»»

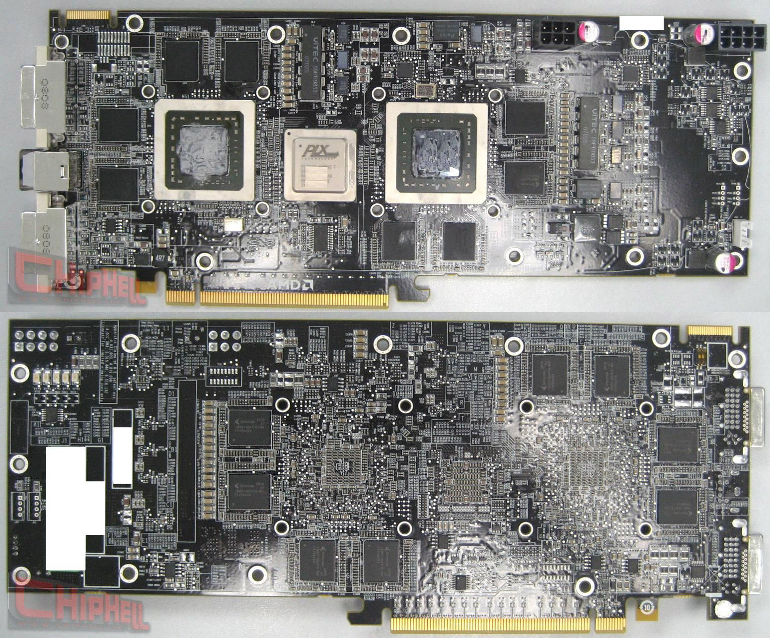 Le site ChipHell vient de mettre en ligne les premiers clichés de ce que serait le R700, alias HD4870 X2. La carte embarquera donc 2 cores de HD4800, sur un même PCB à la longueur interminable. Au niveau de l’alimentation on resterait (si le design est définitif) à un simple 8pins + 6pins. Une chose est sûre: ATI doit rencontrer de petits soucis en termes de consommation, car si la HD3870 X2 était finalement tout à fait viable car basée sur une version doublée de la HD3870, qui ne consomme que 85W environ en pleine charge, laa HD4850 consomme déjà plus de 100W et la HD4870 dépasse allègrement les 120W. Cette HD4870 X2 sera donc un monstre de consommation et de chauffe, il sera intéressant de voir si ATI est parvenu à suffisamment améliorer son refroidissement dual GPU depuis la HD3870 X2, au risque sinon de températures en burn avoisinant les 100°…
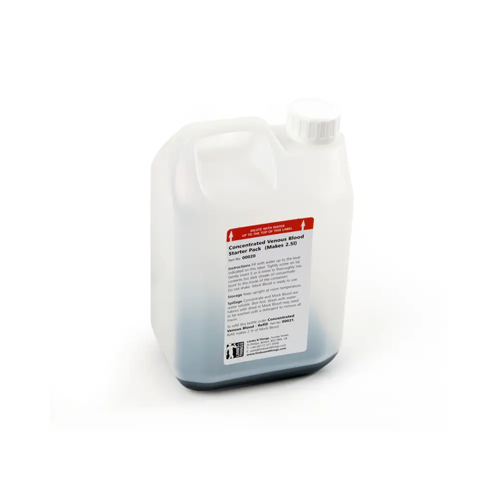 Koncentrat sztucznej krwi żylnej to specjalistyczny preparat przeznaczony do tworzenia realistycznego roztworu symulującego krew żylną w celach edukacyjnych. Rozcieńczony roztwór używany jest w fantomach, trenażerach i modelach symulacyjnych, w których potrzebne jest odwzorowanie przebiegu krwiobiegu żylnego (m.in. przy nauce wkłuć dożylnych, pobierania krwi czy symulacji krwawień).
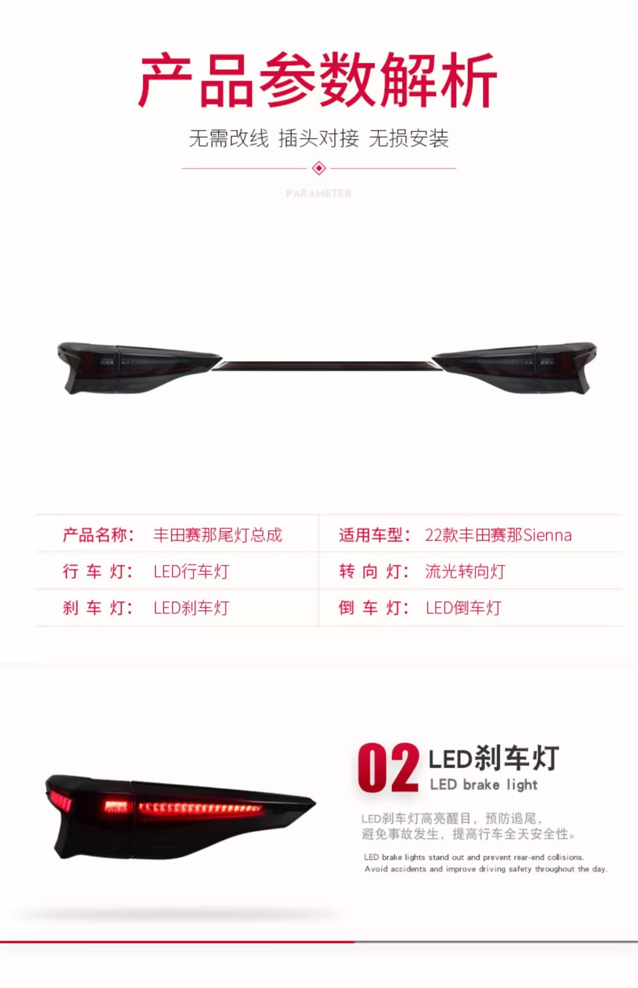 Integrated Through Tail Light Assembly LED Dynamic Flowing Turn Signal for Toyota Sienna 2022
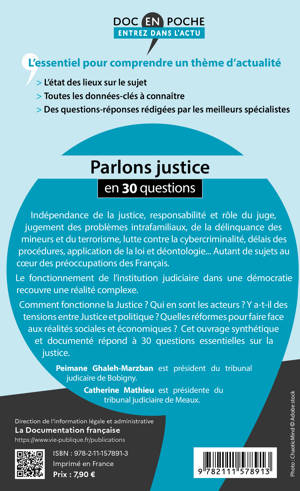 La justice est au cœur de l’actualité quotidienne. Elle demeure toutefois mal connue du grand public et souvent critiquée, notamment pour sa complexité. Qu’est-ce que la justice ? Quelle est son organisation ? Quel est son fonctionnement ? Souvent perçu comme un labyrinthe, le monde de la justice s’ouvre à nous à travers ce nouveau « Entrez dans l’actu » en 30 questions. Les auteurs, apportent des informations objectives et factuelles sur la justice et son fonctionnement. Ils abordent des sujets comme la spécialisation de la justice, la féminisation de la magistrature, les violences intrafamiliales, la lutte contre la cybercriminalité ou le jugement des terroristes.
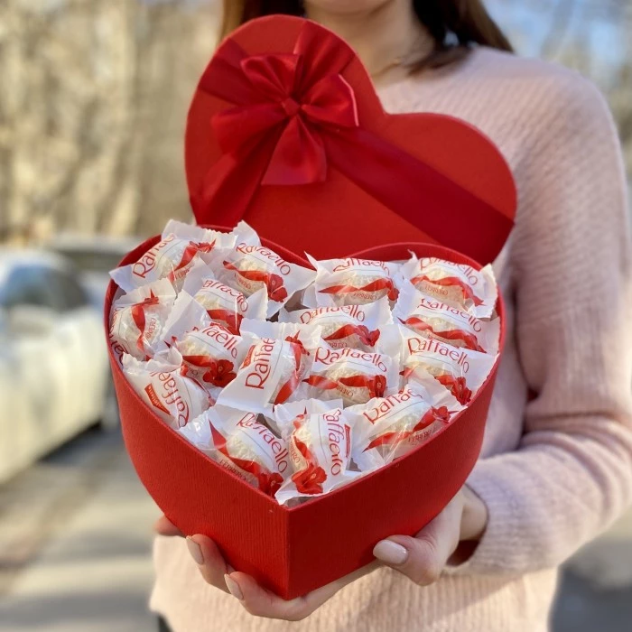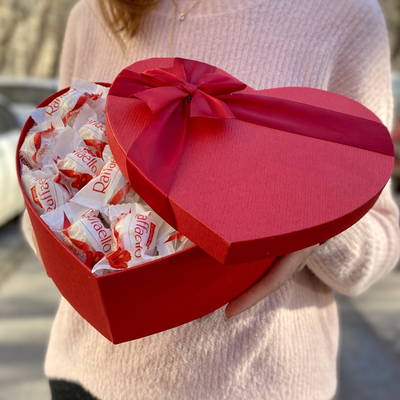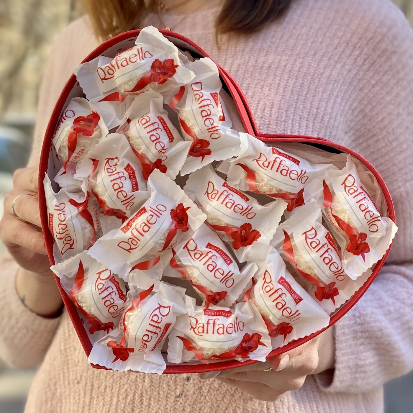 Коробка в виде сердца с Рафаэлло. Удиви и сделай приятный сюрприз своим любимым и близким. Прекрасное дополнение к букету или композиции из цветов.
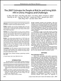 The 2007 estimates for the number of people exposed to and infected with HIV in China utilized data newly available through expanded screening and surveillance, while also building on the experience gained during the 2003 and 2005 estimation work. As with past estimates, the workbook method recommended by the World Health Organization (WHO) and United Nations Program on HIV/AIDS (UNAIDS) was chosen as the most suitable for an epidemic still concentrated among certain subpopulations and in a situation where data are still relatively limited.

««

_Task goal_: From the first line to the last, return the material above exactly, apart from the pictures.

_Written reply_:
 Le site ChipHell vient de mettre en ligne les premiers clichés de ce que serait le R700, alias HD4870 X2. La carte embarquera donc 2 cores de HD4800, sur un même PCB à la longueur interminable. Au niveau de l’alimentation on resterait (si le design est définitif) à un simple 8pins + 6pins. Une chose est sûre: ATI doit rencontrer de petits soucis en termes de consommation, car si la HD3870 X2 était finalement tout à fait viable car basée sur une version doublée de la HD3870, qui ne consomme que 85W environ en pleine charge, laa HD4850 consomme déjà plus de 100W et la HD4870 dépasse allègrement les 120W. Cette HD4870 X2 sera donc un monstre de consommation et de chauffe, il sera intéressant de voir si ATI est parvenu à suffisamment améliorer son refroidissement dual GPU depuis la HD3870 X2, au risque sinon de températures en burn avoisinant les 100°…
 Koncentrat sztucznej krwi żylnej to specjalistyczny preparat przeznaczony do tworzenia realistycznego roztworu symulującego krew żylną w celach edukacyjnych. Rozcieńczony roztwór używany jest w fantomach, trenażerach i modelach symulacyjnych, w których potrzebne jest odwzorowanie przebiegu krwiobiegu żylnego (m.in. przy nauce wkłuć dożylnych, pobierania krwi czy symulacji krwawień).
 Integrated Through Tail Light Assembly LED Dynamic Flowing Turn Signal for Toyota Sienna 2022
 La justice est au cœur de l’actualité quotidienne. Elle demeure toutefois mal connue du grand public et souvent critiquée, notamment pour sa complexité. Qu’est-ce que la justice ? Quelle est son organisation ? Quel est son fonctionnement ? Souvent perçu comme un labyrinthe, le monde de la justice s’ouvre à nous à travers ce nouveau « Entrez dans l’actu » en 30 questions. Les auteurs, apportent des informations objectives et factuelles sur la justice et son fonctionnement. Ils abordent des sujets comme la spécialisation de la justice, la féminisation de la magistrature, les violences intrafamiliales, la lutte contre la cybercriminalité ou le jugement des terroristes.
 Коробка в виде сердца с Рафаэлло. Удиви и сделай приятный сюрприз своим любимым и близким. Прекрасное дополнение к букету или композиции из цветов.
 The 2007 estimates for the number of people exposed to and infected with HIV in China utilized data newly available through expanded screening and surveillance, while also building on the experience gained during the 2003 and 2005 estimation work. As with past estimates, the workbook method recommended by the World Health Organization (WHO) and United Nations Program on HIV/AIDS (UNAIDS) was chosen as the most suitable for an epidemic still concentrated among certain subpopulations and in a situation where data are still relatively limited.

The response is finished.